Firstly, the object of tweets collected is dtype. When they are saved as string, the text would start with b’, so it should be removed.

Besides it, there are a lot of useless information for analysis, such as users’ names and hyperlinks, we also removed them. Secondly, a problem encountered is the error code generated during encoding, and these codes are Unicode (like \x9e), which should be transformed into ASCII to read.

For the punctuations’ Unicode, we turn them into ASCII by the conversion table, but for the other Unicode like emoji, etc.., they are removed because of less information.

The code we use is as follows:

# remove all the hyperlinks in the tweets
def remove_link(text):
    cleaned_text = re.sub(r"(http\|http?\://|https?\://|www)\S+", "", text)
    cleaned_text = " ".join(cleaned_text.split())
    return cleaned_text
data['Text'] = data['Text'].apply(lambda x: remove_link(x))
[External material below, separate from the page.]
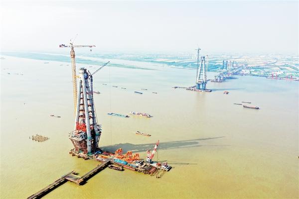 建设中的常泰长江大桥(5月21日摄)。 常泰长江大桥连接江苏常州和泰州两市,全长10.03公里,是一座集高速公路、城际铁路和普通公路为一体的过江通道。目前,大桥建设正在有序推进中。 新华社记者 季春鹏 摄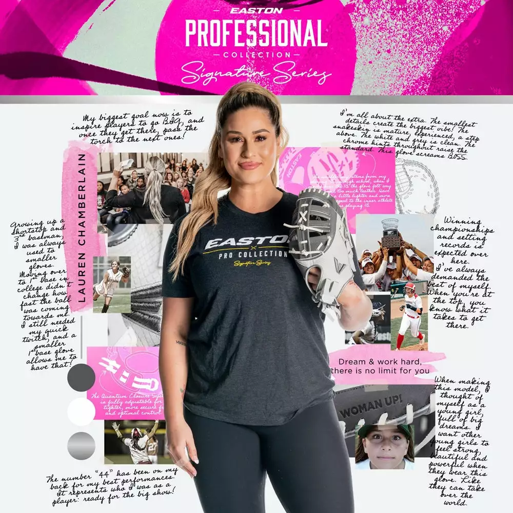 The all-new Professional Collection Signature Series, designed in collaboration with Jen Schroeder, Morgan Stuart, Lauren Chamberlain and Haylie McCleney, is Easton’s latest addition to the fastest-growing Fastpitch softball glove line in the game. Each model has several unique position-specific features, and was designed to match the style, flare and passion these athletes bring to the game of softball every day. The Signature Series is handcrafted with Premium Reserve™ USA steer hide leather and pro-grade rawhide lace. A full leather lining, binding and welting provide a durable shape and a faster break-in time. Each model features a laceless lining, an Ax® Suede back-of-wrist liner and an adjustable fit system, making the Professional Collection Signature Series the most comfortable gloves in the game.

# remove all the emojis and other symbols like the form '\xce' etc.
def remove_emoji(text):
    cleaned_text = re.sub(r'(\\x[A-Fa-f0-9]{2})+', " ", text)
    cleaned_text = " ".join(cleaned_text.split())
    return cleaned_text
data['Text'] = data['Text'].apply(lambda x: remove_emoji(x))

Take a random tweet as an example, the comparison between original tweet and processed tweet is shown below:

Original tweet:

b'A $750k settlement for Rio Tinto Ltd who just announced a profit of $29.2billion. Geez ASIC - you got them shaking in their boots \xf0\x9f\xa4\xa6\xe2\x80\x8d\xe2\x99\x80\xef\xb8\x8f https://t.co/DLcPNV5Glt'

processed tweet:

A $750k settlement for Rio Tinto Ltd who just announced a profit of $29.2billion. Geez ASIC - you got them shaking in their boots

After Text processing, given the cleaned text, we use the module ‘TextBlob’ to analyze tweets’ sentiment, and obtain the subjectivity and polarity of tweet.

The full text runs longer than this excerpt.